Classifications and categories
Besides being linked to a locality and a period, each observation can be further broken down by classifications (dimensions). Each classification contains categories (members).
For aggregate 1712, the classifications are things like “type of product” (226), “producer condition” (218), “economic activity group”, etc. Classification 226 has categories like “pineapple” (4844), “garlic” (96608), “potato” (96609), and hundreds more.
meta <- ibge_metadata(1712)
meta$classifications
# Unnest to see all categories
tidyr::unnest(meta$classifications, categories)When you don’t specify a classification, the API returns results for the Total category (ID = 0). This is a special aggregate across all categories.
# Default: Total category (aggregated across all products)
ibge_variables(1712, localities = "BR")
# Specific products
ibge_variables(
1712,
localities = "BR",
classification = list("226" = c(4844, 96608))
)
# All products (can be large)
ibge_variables(
1712,
periods = -1,
localities = "BR",
classification = list("226" = "all")
)Geographic levels and localities
IBGE organizes Brazil into a hierarchy of geographic levels.
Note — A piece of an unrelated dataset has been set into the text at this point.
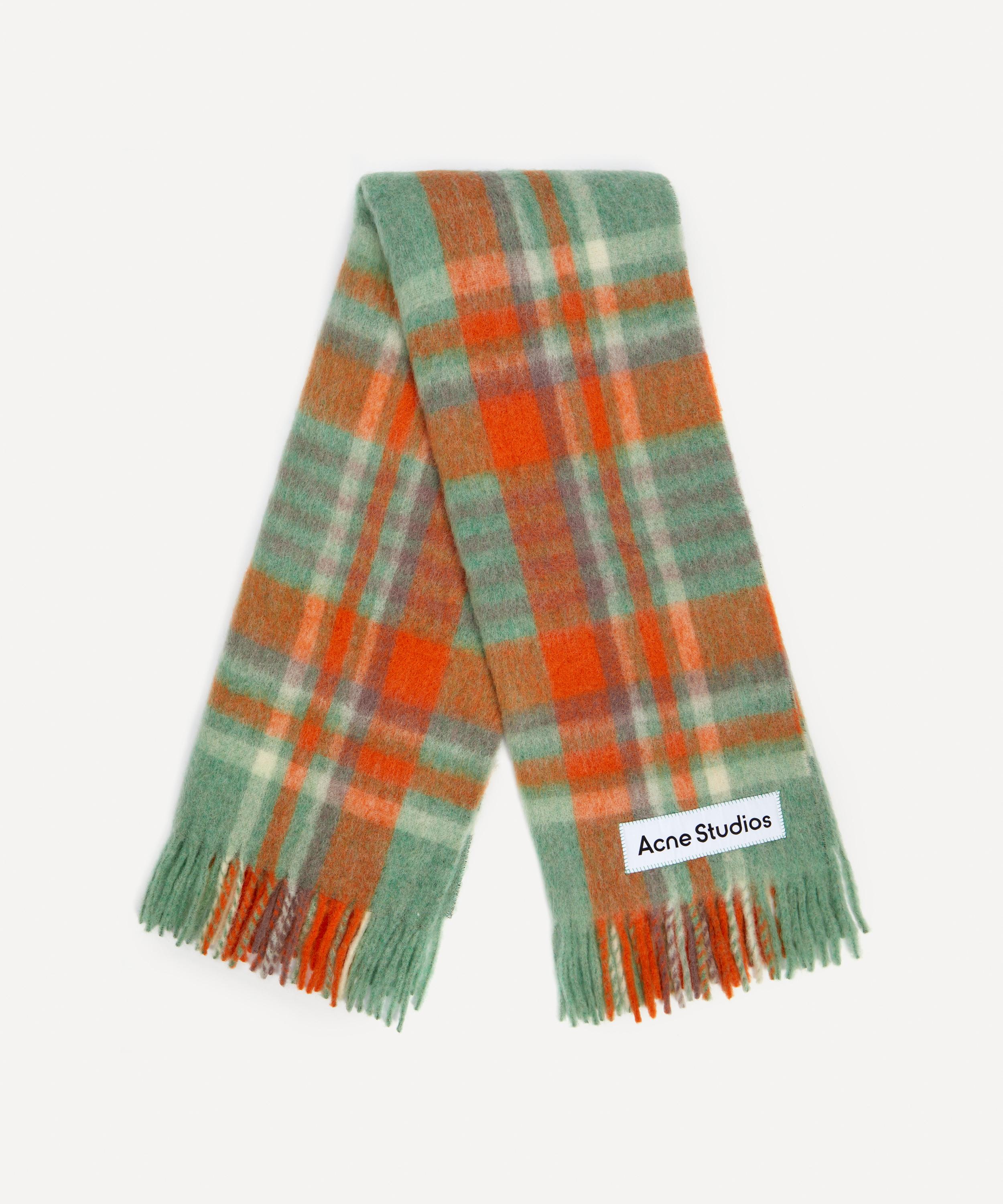 Acne studios cassiar clearance check scarf, Acne Studios Cassiar Logo print Checked Virgin wool Scarf Yellow clearance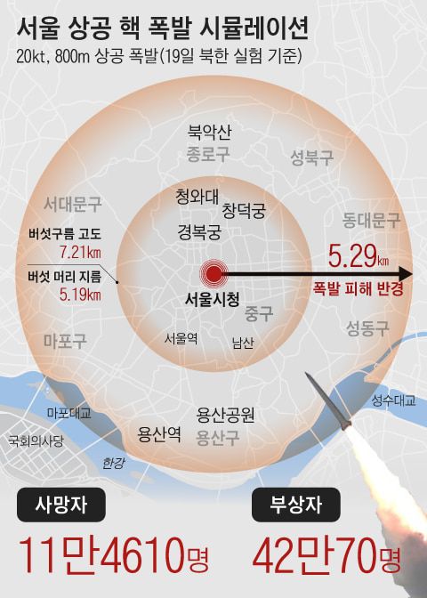 북한이 지난 19일 동해 상공 800m에서 모의 핵탄두 폭파에 성공했다고 주장한 핵 미사일이 위력 20kt의 핵탄두를 탑재하고 같은 높이의 서울 상공에서 폭발할 경우 11만4600여 명이 사망하는 등 53만4600여 명의 사상자가 발생한다는 시뮬레이션 결과가 21일 나왔다.

Each aggregate supports a specific subset of these levels:
| Code | Level | Count | Example |
|---|---|---|---|
N1 |
Brazil | 1 | BR |
N2 |
Major region | 5 | 1 (North), 3 (Southeast) |
N3 |
State (UF) | 27 | 33 (RJ), 35 (SP) |
N6 |
Municipality | 5,570+ | 3550308 (São Paulo city) |
N7 |
Metropolitan area | varies | 3501 (RM São Paulo) |
N9 |
Immediate region | varies | … |
N15 |
Intermediate region | varies | … |
Important: municipality IDs (N6) and metropolitan area IDs (N7) use different numbering. São Paulo city is 3550308 (N6), while the São Paulo metropolitan area is 3501 (N7). Don’t confuse them.
The available levels for each aggregate are in the metadata:
meta <- ibge_metadata(1705)
meta$territorial_level
#> $administrative
#> [1] "N1" "N2" "N3"You can request all localities at a level, or pick specific ones:
# All states
ibge_variables(1705, localities = "N3")
# Specific states
ibge_variables(1705, localities = list(N3 = c(33, 35)))The API also supports contextual queries — filtering
municipalities by their parent state or region. For example,
N6[N3[33,35],N2[1]] means “all municipalities in RJ, SP, or
the North region”. ibger passes this through directly:
ibge_variables(
512,
variable = 216,
periods = -6,
localities = "N6[N3[33,35],N2[1]]"
)Periods and periodicities
Each aggregate has a fixed periodicity:
| Code | Periodicity |
|---|---|
P5 |
Monthly |
P10 |
Quarterly |
P13 |
Annual |
P58 |
Semi-annual |
Period codes encode both the date and periodicity. The code
202001 means different things depending on the aggregate’s
periodicity:
- Monthly (
P5): January 2020 - Quarterly (
P10): Q1 2020 - Semi-annual (
P58): S1 2020
The metadata tells you the valid range:
meta <- ibge_metadata(7060)
meta$periodicity
#> $frequency [1] "mensal"
#> $start [1] "202001"
#> $end [1] "202512"ibger’s ibge_periods() lists every individual
period:
ibge_periods(7060)Request limits
The API allows at most 100,000 values per request. The formula is:
categories × periods × localities ≤ 100,000
For example, a request for aggregate 2654 with:
- Classification 244: 1 category
- Classification 1836: 2 categories
- Classification 2: 2 categories
- Classification 260: 1 category
- 6 periods (default)
- 4 municipalities
produces 1 × 2 × 2 × 1 × 6 × 4 = 96 values — well within the limit.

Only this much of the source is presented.